2º  Tener en cuenta en el momento de querer pedir nosotros perdón – en otras palabras,  pedir la misericordia del otro-  es que hemos de “sostener” la expresión del sufrimiento, de la queja o de la herida ocasionada al otro, de forma plena. Es el momento de tener la valentía y humildad para sentir de verdad y  mantener nuestro error y el dolor ajeno, aunque duela. Esto también forma parte de ese liderazgo no escrito tan  necesario para  diseñar el nuevo liderazgo necesario hoy.

3º Parar a darnos  cuenta de la importancia de aceptar nuestras imperfecciones, no rechazar de nosotros mismos eso que también “somos”  y que  hace daño a otros a pesar de no quererlo.

4º Tener el firme compromiso de comprender la motivación que subyacía a nuestra  conducta, y trabajar para repararlo, con nosotros mismos y con el feedback  que hayamos  pedido a los demás para seguir mejorando.

5ºSer capaz de verbalizar nuestra intención, si , decir “perdón”, no un perdón cualquiera, como el que dice “buenos días” casi de manera automática,  me refiero a un “perdón” auténtico, profundo, honesto, sincero y claro. Lo más fácil y al mismo tiempo lo más difícil.

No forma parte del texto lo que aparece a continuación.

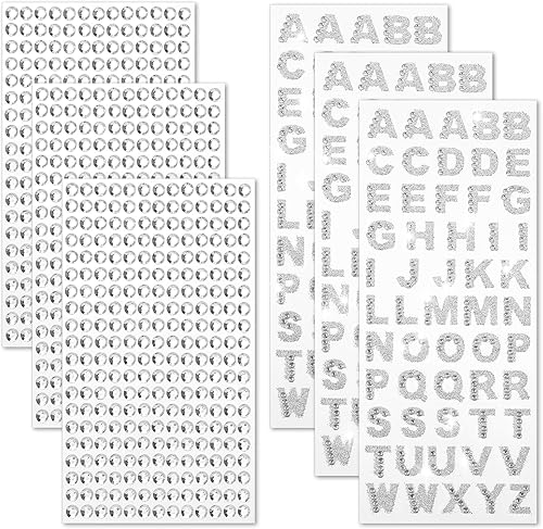 Lot de 945 lettres autocollantes en strass - 6 feuilles - Paillettes - Lettres de l'alphabet - Noir - Paillettes - Pour bricolage, artisanat, décoration, vêtements

En definitiva, podemos tener la falsa creencia que perdonar o ser perdonados  es solo  “cosa de curas”, pero siento disentir, es verdad que ser una persona religiosa con toda una vida trabajando un camino espiritual puede ayudar a ejercer el perdón con mayor facilidad, esto no lo dudo, pero el perdón es también un don a disposición de cualquiera, gratuito, disponible a cualquier hora y en cualquier situación, pero  reconocer que nosotros, como simples mortales  también tenemos esta posibilidad de hacerlo nuestro, nos obliga a reconocer desde nuestros grandes egos, que en el fondo, es un tema que nos resulta difícil e incómodo.

Como mortal que yo también soy  pero con un deseo de  tomar decisiones, y emprender acciones con la mayor calidad humana de la que soy capaz, en mi experiencia de liderazgo, he aprendido, que solo liderando desde esta “misericordia organizacional”, podemos avanzar. Sigo siendo una absoluta principiante en este desafiante camino de liderazgo, pero a pesar de ello, soy una convencida que solo teniendo  un acercamiento desde ahí, con nuestros equipos, con nuestros colegas y nuestros superiores, lograremos ser organizaciones saludables.

Tengamos muy en cuenta que en el mundo que ahora vivimos, donde la agilidad impera, la capacidad de perdonar y pedir perdón al otro, es también  una palanca para lograrla porque nos permite desatascar relaciones deterioradas, recuperar una colaboración necesaria para lograr un producto final, o retomar la ilusión del proyecto y sobre todo, restaurar nuestro propio liderazgo, el que nos permite a nosotros mismos no perder la brújula para seguir impulsando nuestra organización con agilidad y determinación, y hacer que los demás puedan ver en nuestro ejemplo una referencia para ir veloz, ágil, comprendiendo y olvidando todo aquello que nos impida avanzar.